Items from a dataset:
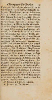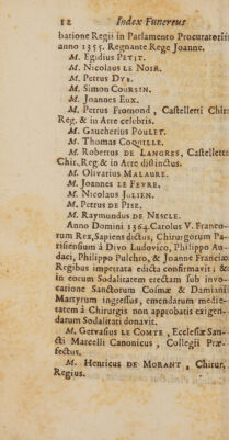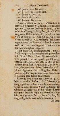 Index funereus chirurgorum Parisiensium, ab anno 1315 ad annum 1714 / Opera M. J[ean] D[e] V[aux].
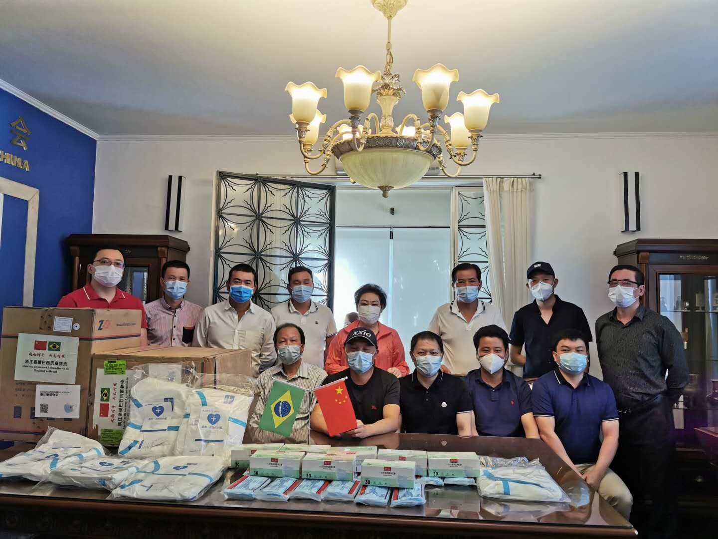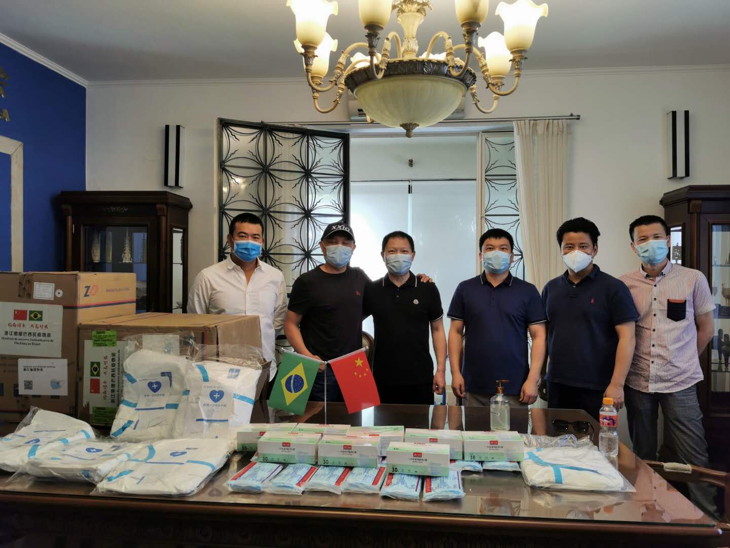 巴西温州同乡联谊会林海平会长、巴西青田同乡总会荣誉会长叶王永代表叶碎永会长、巴西金华同乡会章晓红会长、巴西台州商会(同乡总会)马希万理事长代表徐定伟会长,在仪式上接收了该批捐赠物资,他们并当场一致决定,将这批宝贵的物资再次捐赠出来,由巴西华人协会统筹,直接发放给圣保罗有需要的华人华侨和巴西友人,发放细节将公布在巴西华人协会网站和相关微信平台。
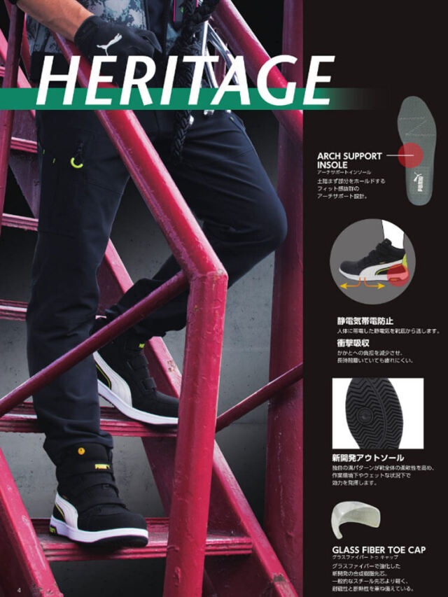 「ヘリテイジ」はこれまでのスポーツテイストのセーフティシューズとは一線を画した、スエード調のカジュアルなデザインが特徴です。建設現場や工場はもちろん、アウトドアやDIYなど、さまざまなシーンで活躍します。「JSAA規格 A種 プロスニーカー」であり、グラスファイバーで強化した合成樹脂製の先芯により、つま先をしっかり保護してくれます。
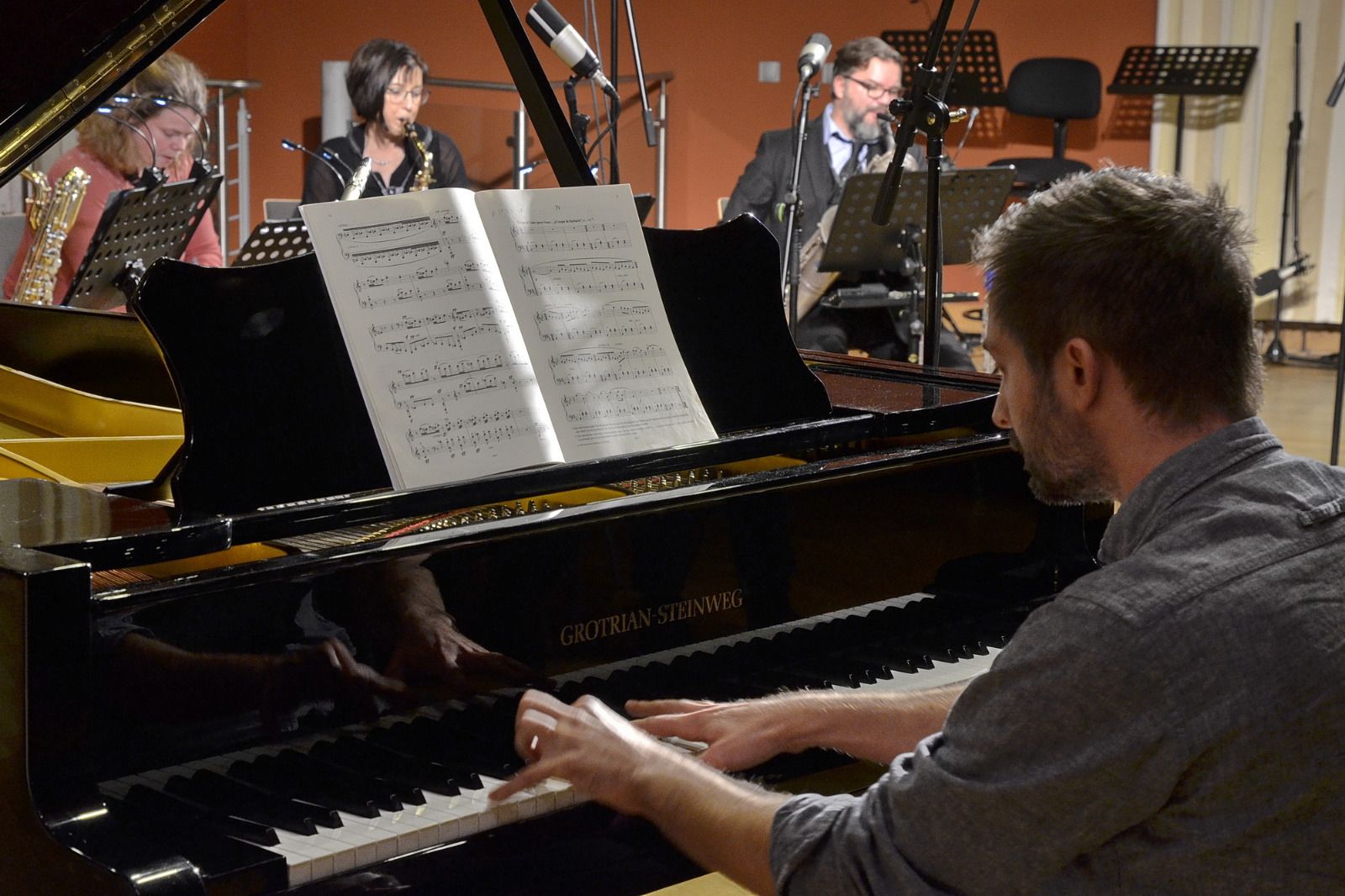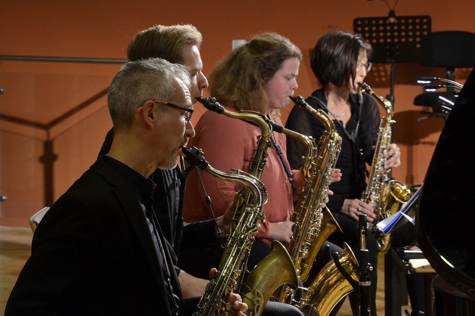 Das Konsaxtett von Thomas Walter Maria (Saxophonquintett des Konservatoriums) spielt eigene Filmmusik-Arrangements und verarbeitet die "Musica ricercata" von Ligeti gemeinsam mit dem Jazzmusiker Marius Moritz am Klavier.
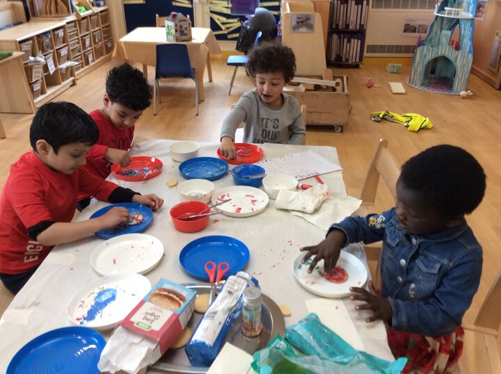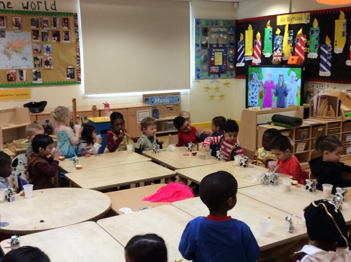 We were very busy celebrating British Values and Comic Relief's Red Nose Day last week. We enjoyed voting for our favourite cartoons and watching the one which was most popular because that was fair. We iced biscuits with red, white and blue icing and decorations and had a special story called 'Share' to help us learn about other people's feelings and taking turns. On Red Nose Day we had a Princesses' and Pirates' party and lots of special food to eat together. We enjoyed celebrating with our friends.
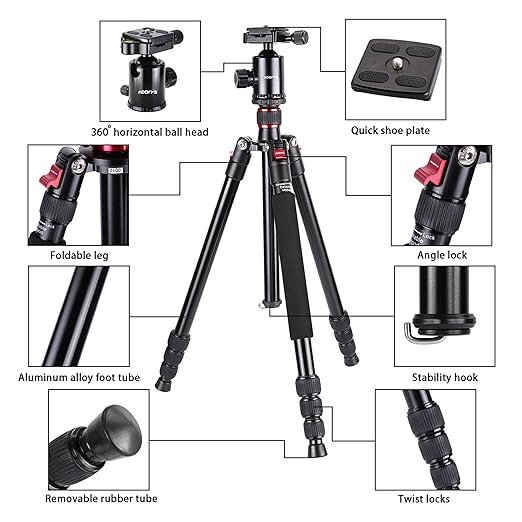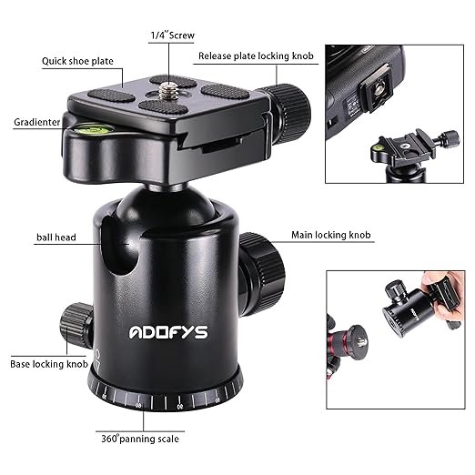 • 【Panoramic Ball Head】–360° panoramic rotating, 90° flip and large angle tilt adjusting make shooting much easier in multi-angle, quick loading plate and bubble level let installation quicker.
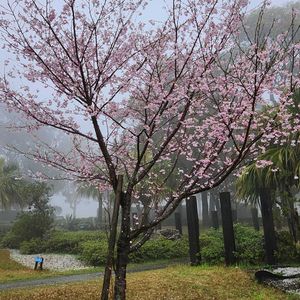 昨日の暖かさとうってかわり、鹿児島市内は、朝から雷雨⛈️ 気温も下がって、日中最高気温20℃。(昨日は27℃) お昼過ぎには、小雨になったので、吉野公園の桜を見に出かけました🚗 吉野公園は、小雨が降り、すっかり霧がかかって、ソメイヨシノは裸眼では遠くにやっと見えました。 悪天候で、見物客が他にいなかったので、サクラ並木の近くまで行きませんでした😣 🏷️今日のお花 サクラ ①❇️神代曙 ソメイヨシノに替わって、これから「令和の桜」と、各地で注目されている「神代曙」というサクラです。 ピンク色が、やや濃いですね💖 ②~⑤❇️ソメイヨシノ ②正面入口のpicです。 天気が良い時は、この向こうに錦江湾を挟んで桜島が望めるのですが、、
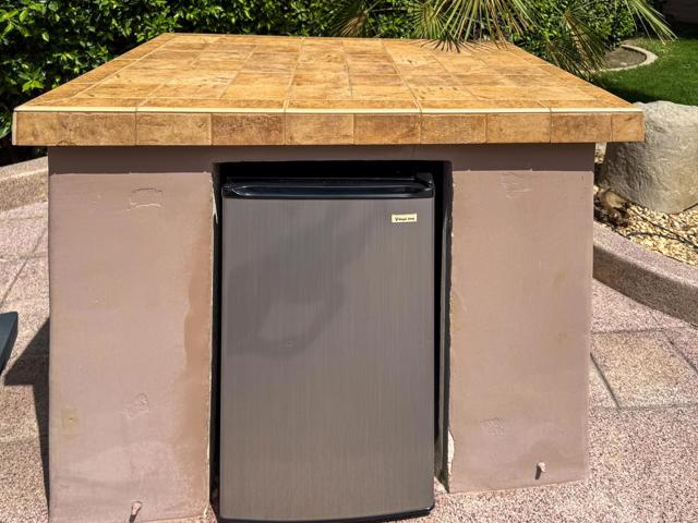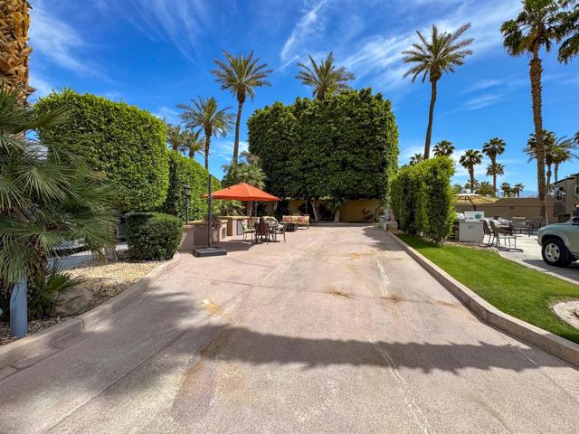 Outdoor Resort Indio is a Class A Motorcoach resort. This is an RV lot. Discover the perfect larger pie-shaped perimeter lot in a peaceful cul-de-sac, offering a tranquil retreat with endless possibilities for customization. Whether you dream of building a spacious casita or prefer to embrace the open grassy rear area for added relaxation and entertainment, this lot provides the flexibility to design your ideal outdoor living space. Towering mature trees provide natural shade, allowing you to enjoy the outdoors comfortably with just your awning extended.Designed for both luxury and convenience, this well-appointed lot includes a built-in BBQ with a side burner, refrigerator, sink, and ample storage. Elegant night uplighting enhances the ambiance, while the inviting seating area features a dining table with four chairs, two umbrellas, and a cozy fire pit--perfect for evening gatherings under the stars. Whether entertaining guests or enjoying peaceful solitude, this lot is a rare opportunity to experience resort-style RV living at its finest.
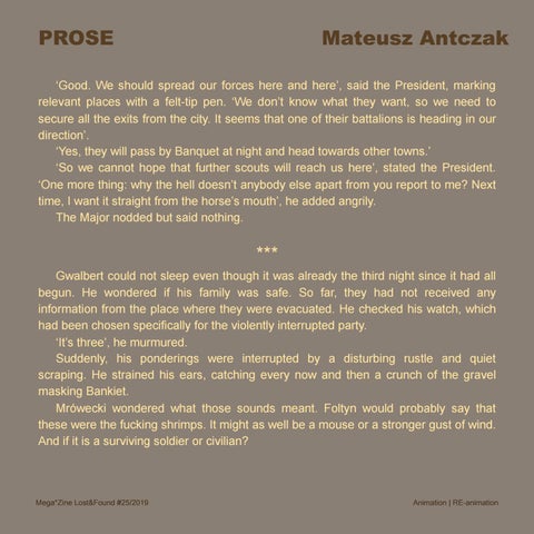 *** Gwalbert could not sleep even though it was already the third night since it had all begun. He wondered if his family was safe. So far, they had not received any information from the place where they were evacuated. He checked his watch, which had been chosen specifically for the violently interrupted party. ‘It’s three’, he murmured. Suddenly, his ponderings were interrupted by a disturbing rustle and quiet scraping. He strained his ears, catching every now and then a crunch of the gravel masking Bankiet. Mrówecki wondered what those sounds meant. Foltyn would probably say that these were the fucking shrimps. It might as well be a mouse or a stronger gust of wind. And if it is a surviving soldier or civilian?
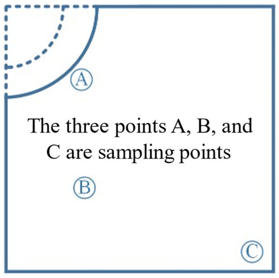 The molten steel’s behavior varied from position to position at the liquid level. Generally, the molten steel’s activity at the center of the liquid level was much faster than at the corner of the mold. Turbulence kinetic energy and liquid level fluctuation were critical indexes of level stability. Three typical data sampling points were selected at the liquid level, according to the simulation results, to analyze the molten steel behavior at the mold’s steel–slag interface, as shown in Figure 4.
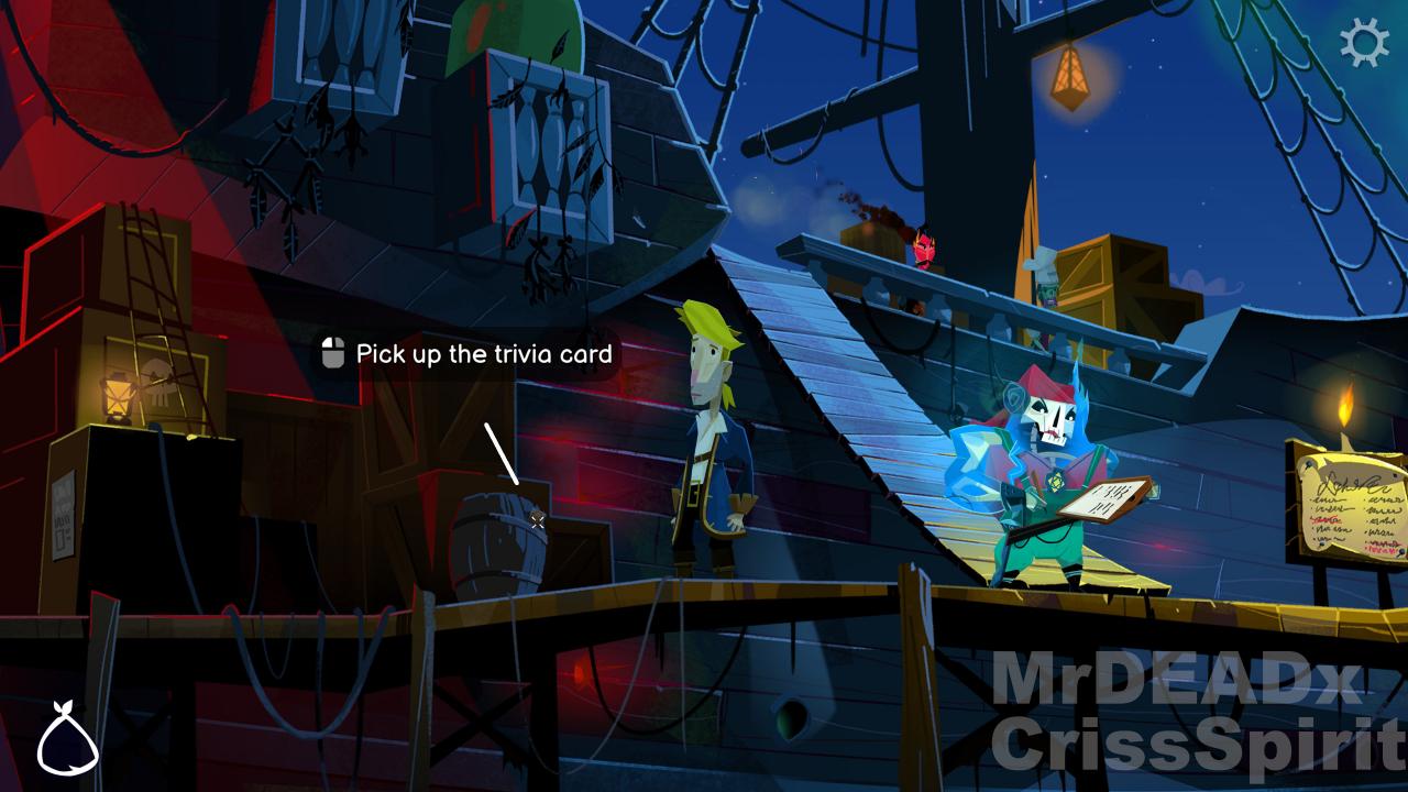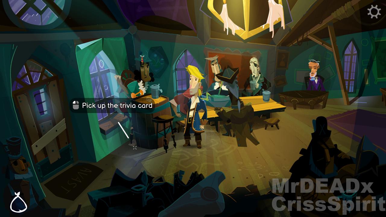 To start your Trivia collection you will need to firstly get your hands on the Trivia Book that you can find within the Scumm Bar, on the table next to the pirates that are having a drink. When you pick up the Trivia Book you will automatically receive your first trivia card that you can answer straight away (question no.6 on the first page).

◆ Work request
With all pictures removed, reproduce the lines from the top of the entries above through the line containing "巴西温州同乡联谊会林海平会长", exactly as written.

◆ Response for this exercise
 Index funereus chirurgorum Parisiensium, ab anno 1315 ad annum 1714 / Opera M. J[ean] D[e] V[aux].
 巴西温州同乡联谊会林海平会长、巴西青田同乡总会荣誉会长叶王永代表叶碎永会长、巴西金华同乡会章晓红会长、巴西台州商会(同乡总会)马希万理事长代表徐定伟会长,在仪式上接收了该批捐赠物资,他们并当场一致决定,将这批宝贵的物资再次捐赠出来,由巴西华人协会统筹,直接发放给圣保罗有需要的华人华侨和巴西友人,发放细节将公布在巴西华人协会网站和相关微信平台。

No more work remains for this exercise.